(A continuation of yesterday's topic).
It is just about a year now, since I returned to Henry Miller and discovered a different writer than the one I remember from the one of Tropic of Cancer. I had returned to him because I had been reading the poetry of Lawrence Ferlinghetti (I've said this before) and had felt my heart constrict as I read his note on the inside cover of A Coney Island of the Mind, the title of which he tells us comes from Miller's Into the Night Life, which he chose because he thought of his poems, taken together, as being a kind of Coney Island of the mind, a kind of circus of the soul. Because I could not find Into the Night Life at the bookstore and had to order it, I instead read Stand Still Like the Hummingbird while waiting for it to arrive. I read it curled into the warmth of a lavender-scented bath and thought of the chain of events that had brought me back to him.

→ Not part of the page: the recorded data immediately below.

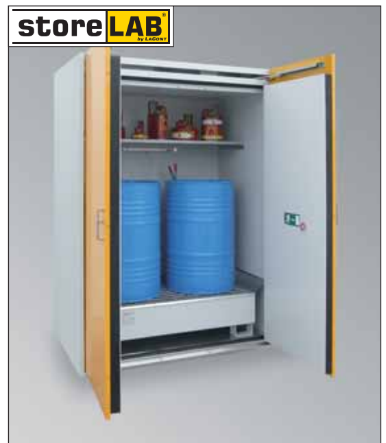
SIS-FAS Type 90 / 1550-CW, Article No. B80-2850-A, with optional grid for storing small containers
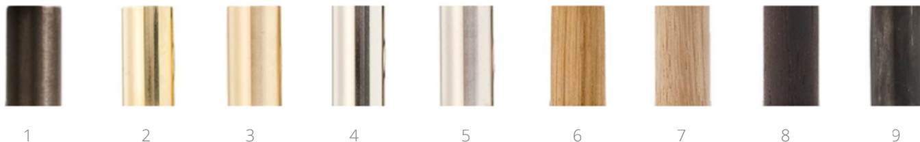
1. Burnished Brass (BB) 2. Polished Brass (PB) 3. Satin Brass (SB) 4. Polished Nickel (PN) 5. Satin Nickel (SN) 6. Teak (TE) 7. Oak (OA) 8. Wenge (WE) 9. Black Horn (BH)
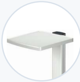
Shelf Load Capacity: 20kg (44lbs) APQ-SHELF

Our accessories help improve your workflow with effective ways to store, hold, and secure the items you rely on everyday.
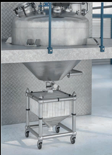
Emptying out of vacuum dryer via APORT into ACUBE packaging unit

A PORT is the worldwide first and the only valve which meets all these requirements.
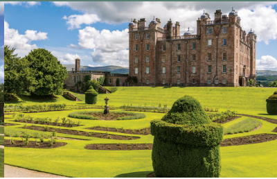
Drumlanrig Castle, Scotland
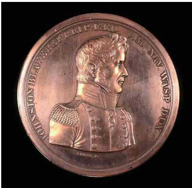
Commemorative Medal in honor of Johnstone Blakeley. North Carolina Museum of History.

S.C. John C. Calhoun heard a report that she was operating in the Pacific Ocean. Blakeley was promoted to post captain, but he and his men never returned.

The essays collected together in Stand Still Like the Hummingbird span some twenty-five years, although not in chronological order. Still, Miller realizes that it is apparent, nevertheless, that though one may shed his skin again and again one never loses his identity. (Something that came to me with absolute clarity when I found a letter R. wrote to me some ten years ago and realized that any person might say the same things about me now, I hope). I had not realized until I began reading that Miller is one of the most American of American writers, that even while living abroad he saw himself completely as an American writer. Of these essays here he writes that the tenor...though strongly critical of our way of life, is nevertheless strictly kosher. America is seen through the eyes of an American, not a Hottentot. And Europe, which is often favorably contrasted with America, is a Europe which only an American might have eyes for...Un-American? It won't fit, I'm afraid. I'm even more American than you, only against the grain.
(The hummingbird, of course, beats its wings furiously in order to suspend itself in space, even though it appears to be standing still).

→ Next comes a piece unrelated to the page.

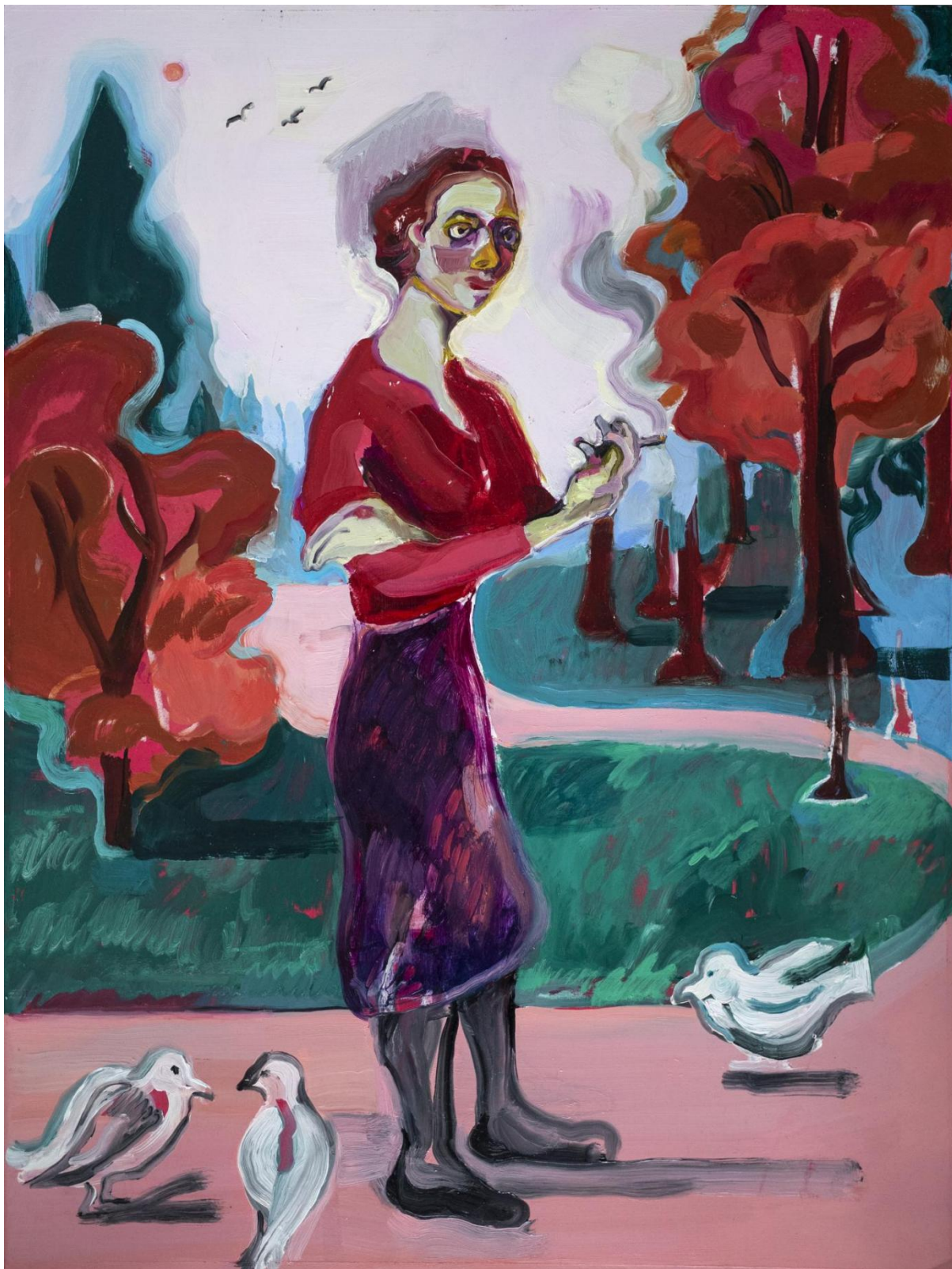
Killing Time, 2021

I write now because I enjoy it; it gives me pleasure. I'm an addict, a happy addict. I no longer have any illusions about the importance of words...Words, like waste matter, eventually drift down the drain. Acts live on...You fling your body around - here, there, everywhere - but you remain the same. You might as well have stood still. (Like the hummingbird). Miller continues on - If what must happen, what must be learned, doesn't occur in this life, it will the next time around, or the third or the fourth time. We have all time on our hands. What we need to discover is eternity. The only life is the eternal life.
Sometimes you find something that so clearly echoes what you are thinking somewhere in the back of your mind that it sends a shiver up your spine.
Miller, Henry. Stand Still Like the Hummingbird. New Directions, 1962. pp vii, viii, 82.